The method of claim 7,
The similarity is
Corresponding to the Euclidean distance calculated by comparing respective elements of the first data and corresponding elements of the second data with respect to the first data and second data to be compared,
A method for evaluating the test fit of input data for neural networks.

A computer-readable recording medium containing a program for performing the method of claim 1.

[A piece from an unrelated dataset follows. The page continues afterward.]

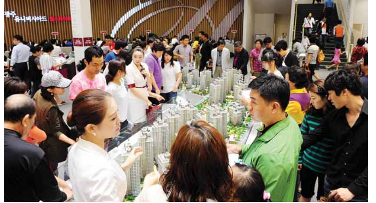
광주U대회 선수촌으로 활용되는 광주 유니버시아드 힐스테이트 아파트 건본주택에 9일 오후 수요자들이 몰려 북새통을 이루고 있다.

지난해 4월부터 시행된 'SOS 국민 안심서비스'는 위급상황에서 휴대전화나 스마트폰, 전용단말기를 이용해 맡았을 버튼만 누르면 112신고센터에 신고자 위치정보가 제공돼 빠른 구조가 이뤄질 수 있게 한 시스템이다. /박정욱기자 jwpark@kwangju.co.kr

In the test suitability evaluation device for input data for neural networks,
A memory in which a program is recorded; And
Processor that executes the above program
Including,
The above program,
Receiving the input data;
Acquiring an evaluation model corresponding to an output pattern of the neurons while the neural network is being trained, for each of the results inferred by the neural network including a plurality of neurons;
Inferring a first result from among the inferable results by applying the input data to the neural network;
Inferring a second result from among the inferable results based on the evaluation model and output patterns of the neurons in response to the input data; And
Evaluating the test suitability of the input data by comparing the first result and the second result
To do,
A device for evaluating the test suitability of input data for neural networks.

The method of claim 11,
Determining how well the neural network has learned based on the result of evaluating the test suitability
To do more,
A device for evaluating the test suitability of input data for neural networks.

The method of claim 11,
If the test suitability is less than a predetermined threshold value,
Obtaining a training set; And
Based on the acquired training set, retraining the neural network
To do more,
A device for evaluating the test suitability of input data for neural networks.

The method of claim 13,
Obtaining the learning set
Determining the training set such that at least some of the data included in the training set is associated with the input data
Containing,
A device for evaluating the test suitability of input data for neural networks.

The method of claim 11,
Inferring the first result
Obtaining a result output from the neural network in response to the input data
Containing,
A device for evaluating the test suitability of input data for neural networks.

The method of claim 11,
Inferring the second result
Determining where the output patterns of the neurons responding to the input data will be located on the probability density distribution based on a probability density distribution formed by data included in the evaluation model
Containing,
A device for evaluating the test suitability of input data for neural networks.

The method of claim 11,
Inferring the second result
Determining data having the highest similarity to an output pattern of the neurons responding to the input data among data included in the evaluation model; And
Determining a value corresponding to the output result when the neural network receives the data having the highest similarity as the second result
Containing,
A device for evaluating the test suitability of input data for neural networks.

The method of claim 17,
The similarity is
With respect to the first data and the second data to be compared, calculated by comparing each individual element of the first data and the corresponding element of the second data,
A device for evaluating the test suitability of input data for neural networks.

The method of claim 17,
The similarity is
Corresponding to the Euclidean distance calculated by comparing respective elements of the first data and corresponding elements of the second data with respect to the first data and second data to be compared,
A device for evaluating the test suitability of input data for neural networks.